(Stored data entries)

<<<<

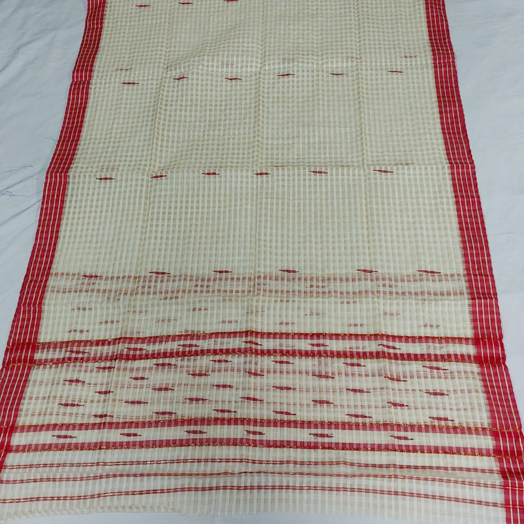 Kesa Pator Sador is a traditional Assamese attire made from fine cotton or silk, typically worn by women during cultural or religious events. It is characterized by its intricate designs and the use of elegant borders, symbolizing grace and cultural pride in Assam.
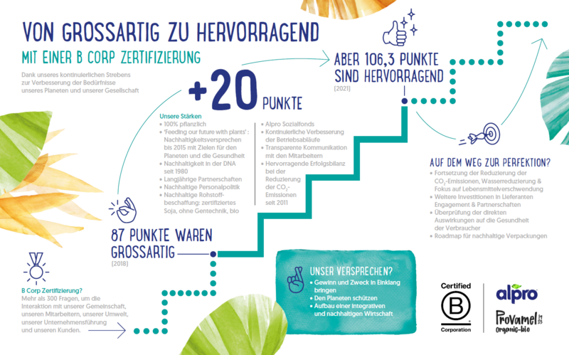 Dank einer ausführlichen Innovationsstrategie und permanenter Anstrengungen wurde Alpro im Jahr 2018 zum ersten Mal mit einem B Corp-Zertifikat ausgezeichnet. Heute – drei Jahre später – konnte Alpro sein B Corp-Zertifikat bestätigen und sein Ergebnis sogar noch verbessern: Durch eine konsequent fortschrittliche Nachhaltigkeitsstrategie erzielte Alpro mit 106,3 Punkten eine „hervorragende" Leistung. Damit gehört Alpro zu den weltweit besten 13% der im Bereich „Food & Beverages“ zertifizierten B Corps und ist in diesem Bereich Nr. 1 in Deutschland, Österreich und der Schweiz.
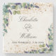 Ein stilvoller weißer Hintergrund. Mit Eukalyptus-Blätter, Sprigs, Grünpflanzen und Imitaten goldene Krawatten dekoriert. Imitate vergoldeten Glitzer Staub. Personalisieren und fügen Sie Ihre Namen und das Hochzeitstermin. Der Name ist mit einem modernen handgeschriebenen Stilskript geschrieben.
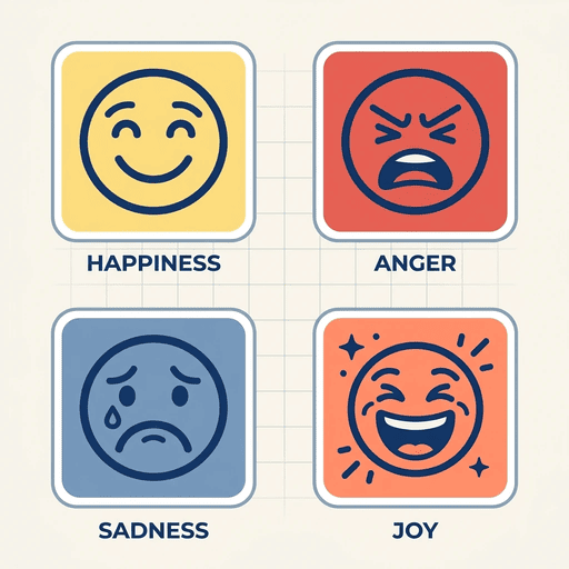 ピクトグラムアイコン、2×2グリッド、喜,怒,哀,楽
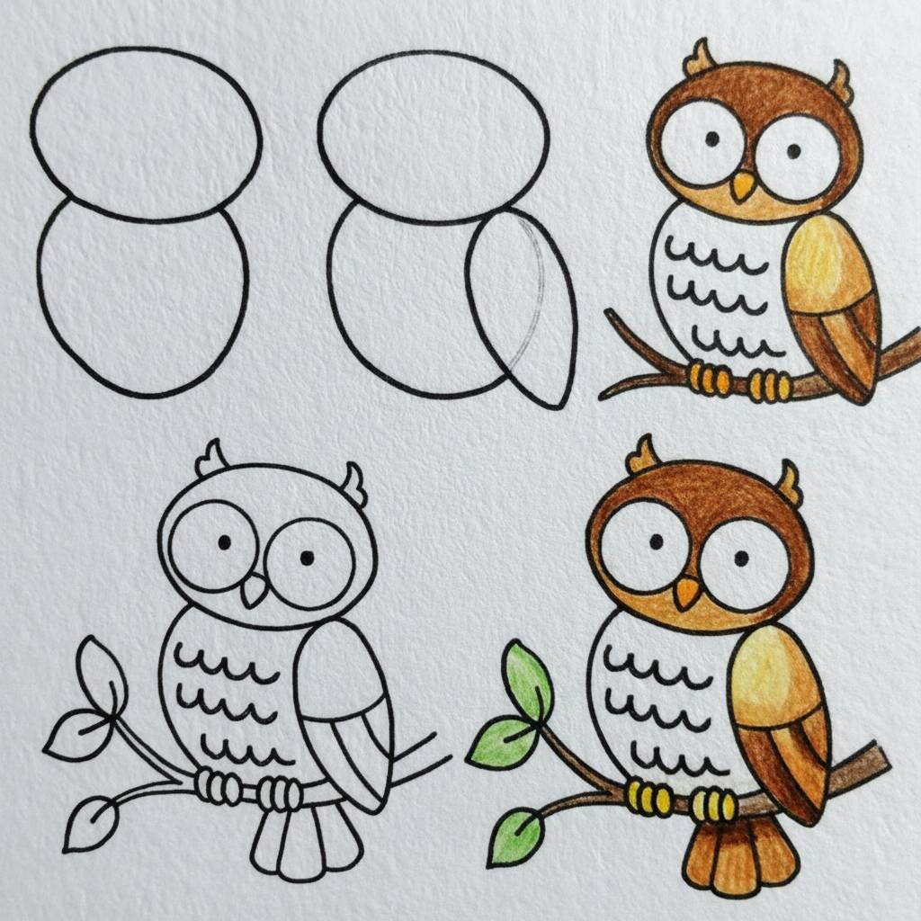 Desenho Fácil: Coruja simpática para colorir
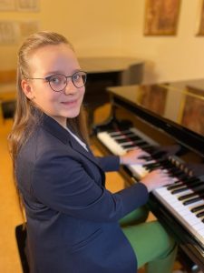 Matilda Getto, 12 Jahre alt, angehende Komponistin und Schülerin der Dozentin im Klavierstudio, bekannter tschechischen Komponistin Kateřina Piňosová-Růžičková, hat beim Song Contest „Dein Song für EINE WELT!“ 2023/2024 in Berlin mit großem Erfolg teilgenommen.
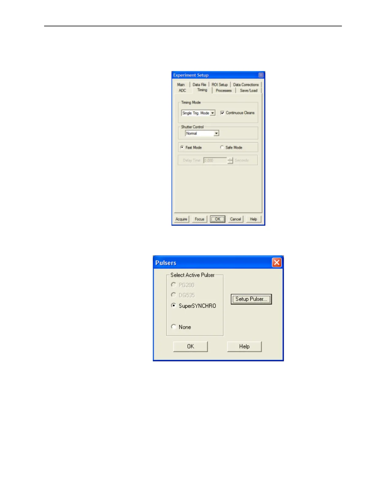 Select SuperSYNCHRO, and click the Setup Pulser button to display the
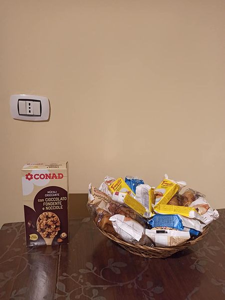 Dưới cái bếp lò là chạn đựng đồ khô, cà phê, trà, v.v. Dưới chạn trà là một chạn khác, đựng nồi niêu cơ bản, giấy bạc. 👍 Bạn chủ nhà quá xuất sắc còn làm 1 chiếc bánh táo cho bọn mình ăn sáng. Còn chuẩn bị một rổ to các loại bánh ngọt để ăn sáng, vì người Ý thường ăn sáng bằng đồ ngọt. Có cả cereal nếu ai muốn ăn. 😁👍👍

>>>>

Goal of the exercise
Make an exact copy of the lines above, beginning with the line with "Ein stilvoller weißer" and ending with the line with "Desenho Fácil: Coruja simpática para colorir", and keep the pictures out of it.

Exercise output
 Ein stilvoller weißer Hintergrund. Mit Eukalyptus-Blätter, Sprigs, Grünpflanzen und Imitaten goldene Krawatten dekoriert. Imitate vergoldeten Glitzer Staub. Personalisieren und fügen Sie Ihre Namen und das Hochzeitstermin. Der Name ist mit einem modernen handgeschriebenen Stilskript geschrieben.
 ピクトグラムアイコン、2×2グリッド、喜,怒,哀,楽
 Desenho Fácil: Coruja simpática para colorir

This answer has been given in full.